WORK TO BE COMPLETED | Retype exactly the lines below, starting with the line that contains "Sepasang tornado dekat" and ending with the last line; leave out any pictures.

DATA BLOCK |
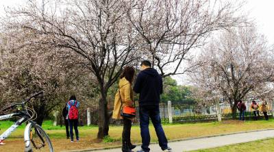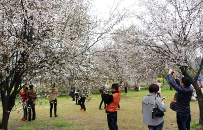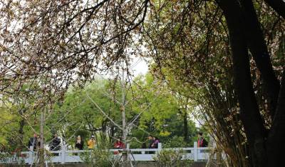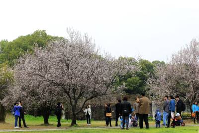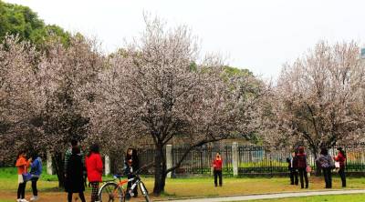 烂漫的樱花,灿灿若去霞云,层层相叠,朵朵相系,一团团一簇簇你拥我挤,相亲相爱地簇拥在枝头,有羞涩地打着朵儿,有静悄悄地绽放,融入春风里,那树枝摇曳,连片花枝如波浪上下起伏,粉嫩花瓣如白雪纷纷飘洒,让人充分领略着春的神韵,令人心驰神荡,遐思翩翩。游人们三五成群前来踏青赏樱。有轻抚摸花枝,清香扑;有树下摄影留念,绽放笑容;人们在这里流连往返,乐此不疲。
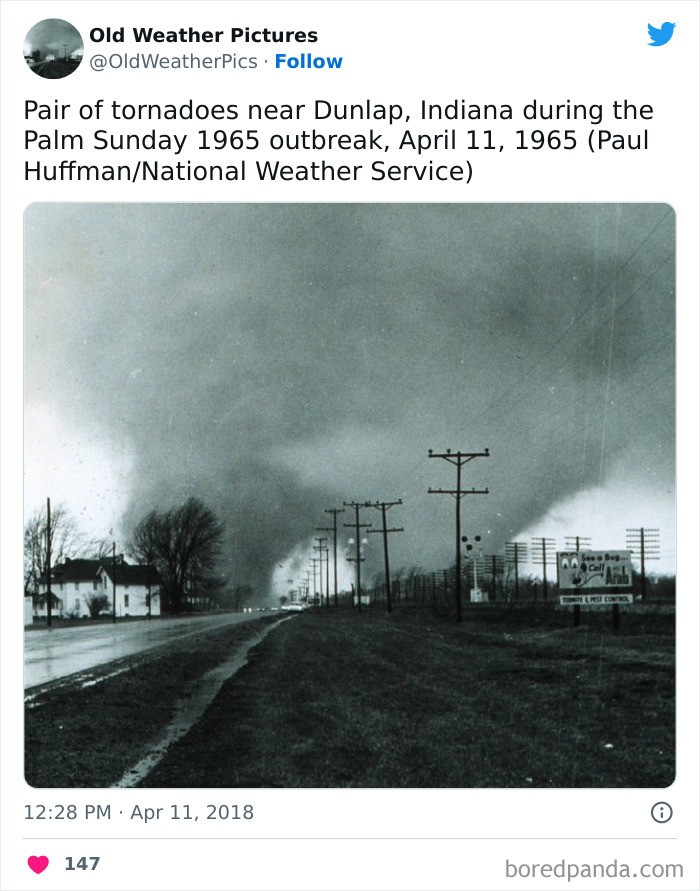 Sepasang tornado dekat Dunlap, Indiana selama wabah Minggu Palem 1965, 11 April 1965Β Foto: Twitter/OldWeatherPics
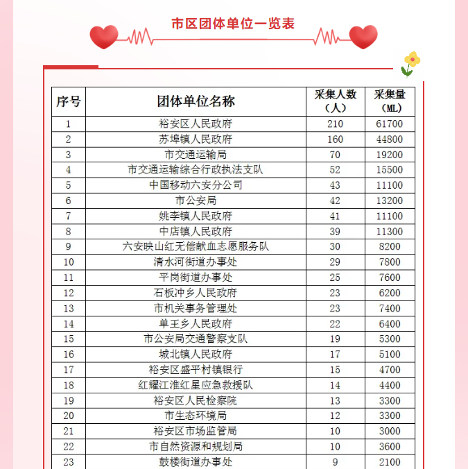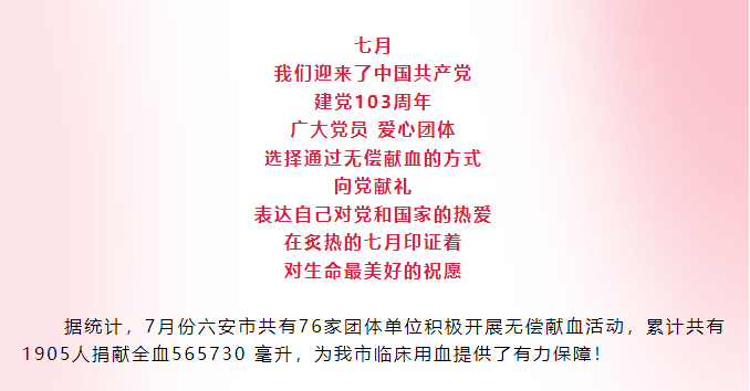 【爱心汇聚】六安市7月团体单位献血光荣榜

TASK ANSWER |
 Sepasang tornado dekat Dunlap, Indiana selama wabah Minggu Palem 1965, 11 April 1965Β Foto: Twitter/OldWeatherPics
 【爱心汇聚】六安市7月团体单位献血光荣榜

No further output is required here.